6. Eat well and exercise.
Eating complete and nutritious foods in the colder months can help regulate your body temperature and maintain higher energy levels. Try a few new recipes for hearty soups, roasted vegetables or casseroles. For those who are unable or may not want to cook, local food delivery services and Meals on Wheels programs can provide regular nutritious food. Try one of these recipes: chicken cacciatore, ginger butternut squash soup, or Moroccan Chicken Vegetable soup.
Avoid drinking alcohol before going, or when, outside. It makes you feel warm but it draws heat away from your vital organs.

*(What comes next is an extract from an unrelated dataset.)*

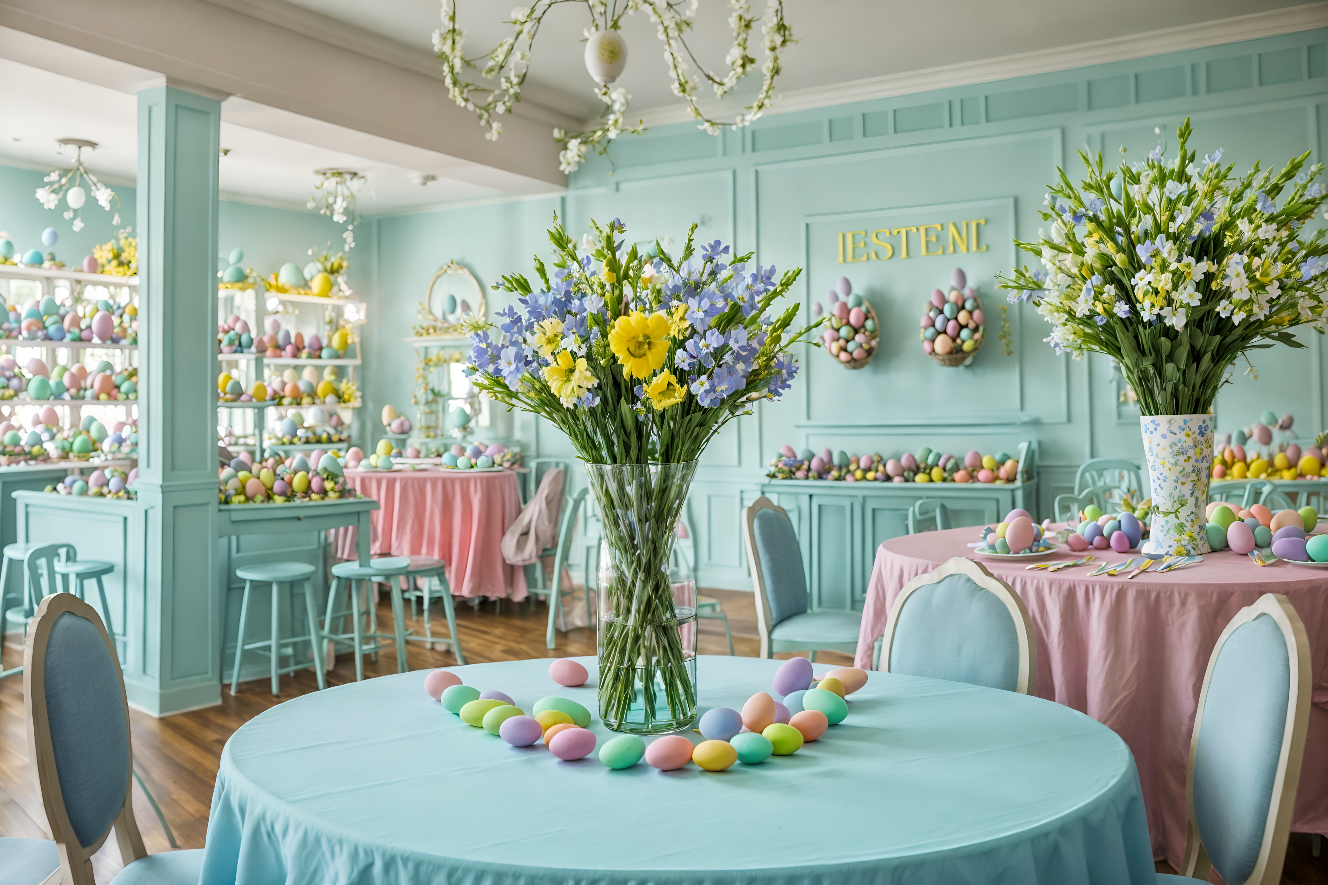 photo from pinterest of easter-style interior designed (clothing store interior) . with flowers on table and light blue colors and spring decorations and colorful easter eggs and easter decorations and flowers on table. . cinematic photo, highly detailed, cinematic lighting, ultra-detailed, ultrarealistic, photorealism, 8k. trending on pinterest. easter interior design style. masterpiece, cinematic light, ultrarealistic+, photorealistic+, 8k, raw photo, realistic, sharp focus on eyes, (symmetrical eyes), (intact eyes), hyperrealistic, highest quality, best quality, , highly detailed, masterpiece, best quality, extremely detailed 8k wallpaper, masterpiece, best quality, ultra-detailed, best shadow, detailed background, detailed face, detailed eyes, high contrast, best illumination, detailed face, dulux, caustic, dynamic angle, detailed glow. dramatic lighting. highly detailed, insanely detailed hair, symmetrical, intricate details, professionally retouched, 8k high definition. strong bokeh. award winning photo.

Exercising is another way to keep your appetite and energy up. A wide range of online activities, from chair yoga to dance cardio, are available for free or for a fee, including from local Westchester-based providers.
If you are planning to spend plenty of time outdoors this winter, keep in mind these typical hypothermia symptoms: confusion, shaking, shivering, slowed breathing, or slurred words. Use a blanket to get warm and adjust the indoor temperature, if you are indoors. Never rub your hands or feet to get warmer, take a hot bath or shower, or drink alcohol. Instead, take your temperature, and if it is 96 degrees or below, call 911 or your local emergency number.
Following these suggestions will help you and your loved ones keep safe and warm in tricky Northeast weather this season!